Polish researcher releases new tools that automatically bypass 2FA for phishing attacks

bypass two-factor authentication

Image: duszynski

Piotr Duszyński, a Polish security researcher released a new penetration testing tool called Modlishka. This tool makes it easy to automate phishing attacks and even break accounts that are protected by 2FA (two-factor authentication).

Modlishka is a flexible and powerful reverse proxy, that will take your phishing campaigns to the next level (with minimal effort required from your side).

Modlishka is located between the user and the target website (such as Gmail, Yahoo or ProtonMail). When the victim connects to the Modlishka server (hosted phishing domain), the reverse proxy component behind it sends a request to the simulated site. Although the victim receives the real content from the legitimate site, all traffic and interaction information between the victim and the legitimate site passes through and is recorded on the Modlishka server. The password entered by the user will be automatically recorded to the Modlishka backend panel. When the user applies for an account 2FA token, the reverse proxy also prompts the user to enter a 2FA token. If an attacker can collect these 2FA tokens in real time, they can log in to the victim’s account and establish a new legitimate session.
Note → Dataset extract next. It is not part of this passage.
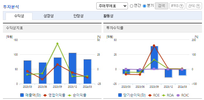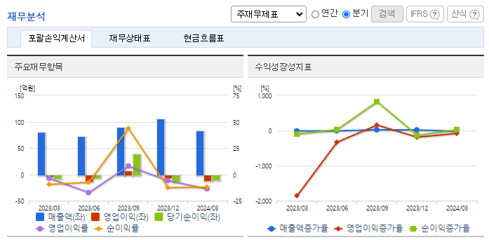 -2024년 3월 전년동기 대비 연결기준 매출액은 3.8% 증가, 영업손실은 290.1% 증가, 당기순손실은 33% 증가. 자회사인 디엠파워는 신사업 가치사슬 확장의 하나로 이차전지 검사장비 및 전기차 충전기 개발 벤처 기업인 인피니티벤처스의 지분을 취득한 상태임. 지속적인 투자와 마케팅을 통해 발매한 스텐트 사업 역시 서울대, 연세 세브란스 등 국내 대형 병원에 등록이 완료됨은 물론 추가적인 유통망 확대가 지속되고 있음.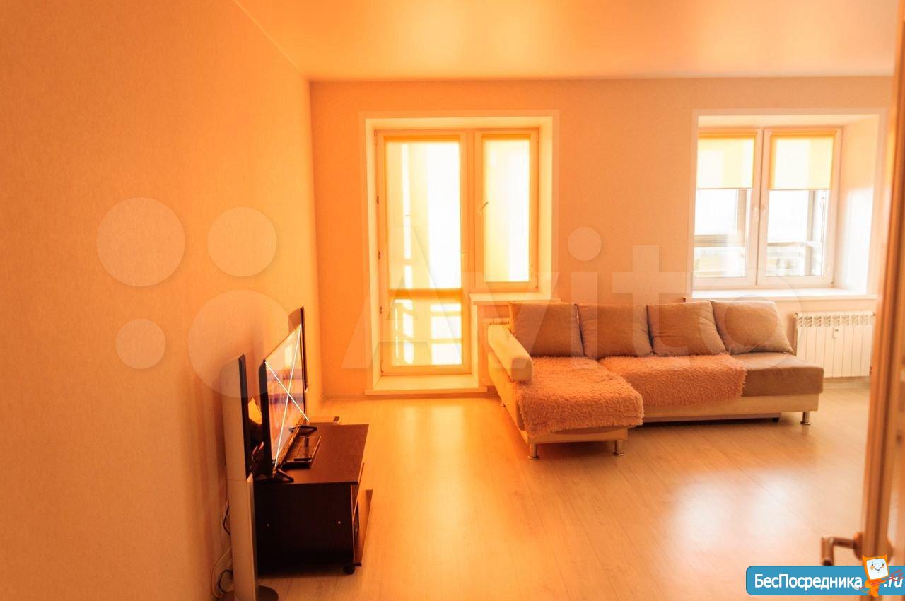 Сдам двухкомнатную студию площадью 62 кв.м. практичной планировки на 6м этаже в новом кирпичном доме микрорайона "Южный Берег" . На длительный срок. Окна и балкон в сторону бульвара Экзюпери.

Modlishka is designed to be simple and does not require any templates. All content can be obtained in real time from legitimate sites, so the attacker does not need to spend a lot of time updating and adjusting the template. The attacker only needs a phishing domain (for the Modlishka server) and a valid TLS certificate to avoid the user receiving a warning that the HTTPS connection is missing.

Phishing with Modlishka (bypass 2FA) from Piotr Duszynski on Vimeo.

According to the info on the Github page,

Some of the most important ‘Modlishka’ features :

  • Support for majority of 2FA authentication schemes (by design).
  • No website templates (just point Modlishka to the target domain – in most cases, it will be handled automatically).
  • Full control of “cross” origin TLS traffic flow from your victims browsers.
  • Flexible and easily configurable phishing scenarios through configuration options.
  • Pattern based JavaScript payload injection.
  • Striping website from all encryption and security headers (back to 90’s MITM style).
  • User credential harvesting (with context based on URL parameter passed identifiers).
  • Can be extended with your ideas through plugins.
  • Stateless design. Can be scaled up easily for an arbitrary number of users – ex. through a DNS load balancer.
  • Web panel with a summary of collected credentials and user session impersonation (beta).
  • Written in Go.

Modlishka is now available on GitHub, you can also get more info on the researcher’s blog.